▸ **WHAT THE TASK REQUIRES**
This exercise asks for an exact copy of the lines from the one containing "Panitay 126 Pcs" through the final line of the material, with pictures omitted.

▸ **EXERCISE DATA**
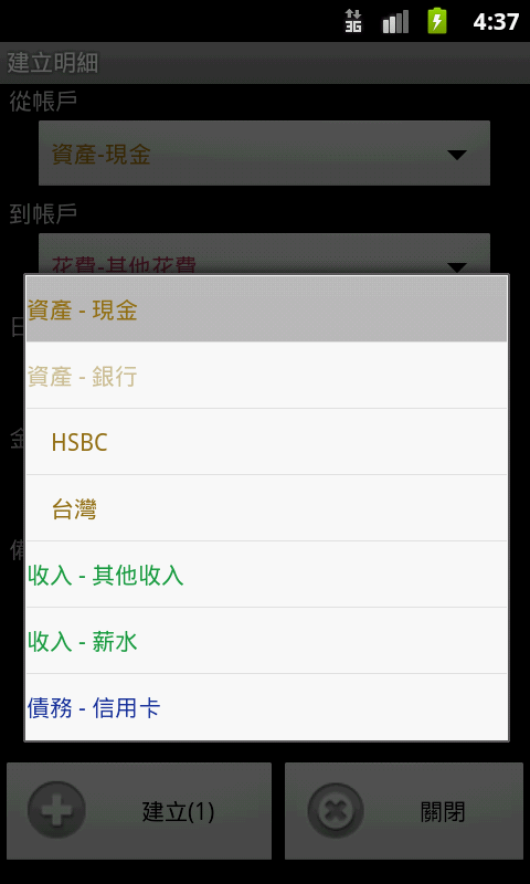 使用者點選將薪水存入的銀行,例如圖中的「資產-銀行」下方的「HSBC」。「從帳戶」及「到帳戶」都設定了,再選擇這項交易的「日期」以及金額(「金錢」)。最後點選「建立」,便完成建立明細的程序。
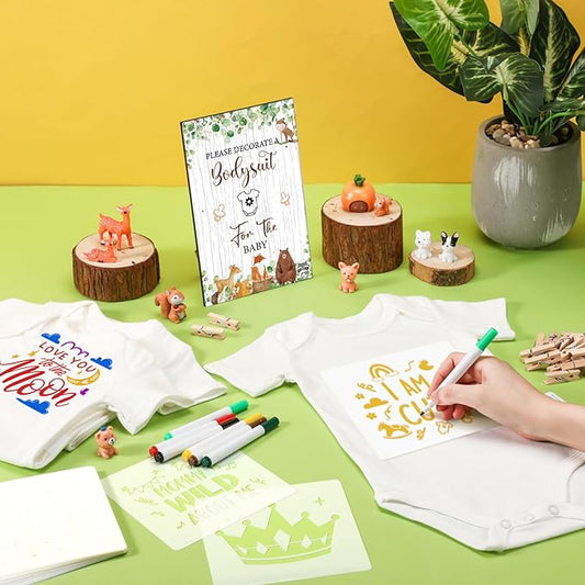 Panitay 126 Pcs Baby Shower DIY Bodysuit Set Rustic Kraft Baby Shower Game Sign DIY Bib 25 Blank White Newborn Bodysuit 25 Stencils 24 Marker 1 Sign 50 Pins for Gender Reveal(Woodland Animals)
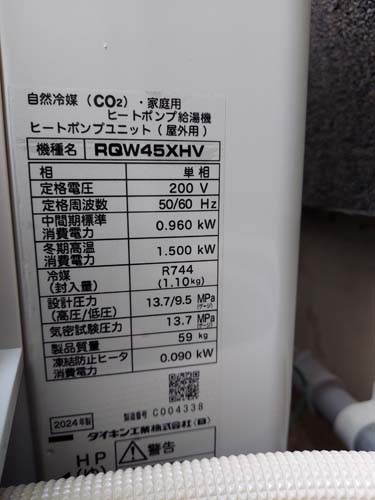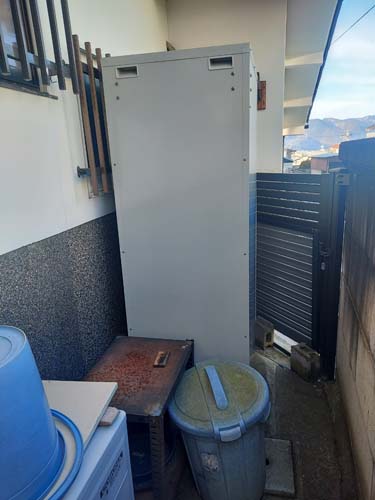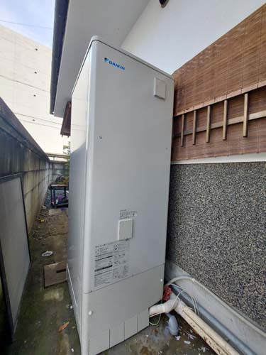 川越市小室 コロナ自然冷媒CO2家庭用ヒートポンプ給湯機 ヒートポンプユニットCHP-458K→ダイキン工業自然冷媒CO2家庭用ヒートポンプ給湯機貯湯ユニットTU37XFHV、ヒートポンプユニットRQW45XHV エコキュート交換工事

▸ **COMPLETED EXERCISE**
 Panitay 126 Pcs Baby Shower DIY Bodysuit Set Rustic Kraft Baby Shower Game Sign DIY Bib 25 Blank White Newborn Bodysuit 25 Stencils 24 Marker 1 Sign 50 Pins for Gender Reveal(Woodland Animals)
 川越市小室 コロナ自然冷媒CO2家庭用ヒートポンプ給湯機 ヒートポンプユニットCHP-458K→ダイキン工業自然冷媒CO2家庭用ヒートポンプ給湯機貯湯ユニットTU37XFHV、ヒートポンプユニットRQW45XHV エコキュート交換工事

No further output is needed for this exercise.